PROBLEM TO SOLVE>
One part of the entries below is wanted: the lines from the one containing "3함대 군악대원들과 은광학교 학생들이 함께 악기를 연주하고 있다." through the one containing "스스로 악기를 연주한다는". Write those out exactly and nothing else.

*** DATA RECORDS Section Begins ***

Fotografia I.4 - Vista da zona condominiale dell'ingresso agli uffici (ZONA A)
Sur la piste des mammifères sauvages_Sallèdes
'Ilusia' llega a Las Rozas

*** DATA RECORDS Section Ends ***
*** DATA RECORDS Section Begins ***

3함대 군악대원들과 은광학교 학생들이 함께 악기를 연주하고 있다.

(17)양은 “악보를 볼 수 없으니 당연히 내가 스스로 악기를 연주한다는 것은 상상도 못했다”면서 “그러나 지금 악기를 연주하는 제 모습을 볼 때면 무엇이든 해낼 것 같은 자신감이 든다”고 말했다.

*** DATA RECORDS Section Ends ***

EXERCISE OUTPUT>
3함대 군악대원들과 은광학교 학생들이 함께 악기를 연주하고 있다.

(17)양은 “악보를 볼 수 없으니 당연히 내가 스스로 악기를 연주한다는 것은 상상도 못했다”면서 “그러나 지금 악기를 연주하는 제 모습을 볼 때면 무엇이든 해낼 것 같은 자신감이 든다”고 말했다.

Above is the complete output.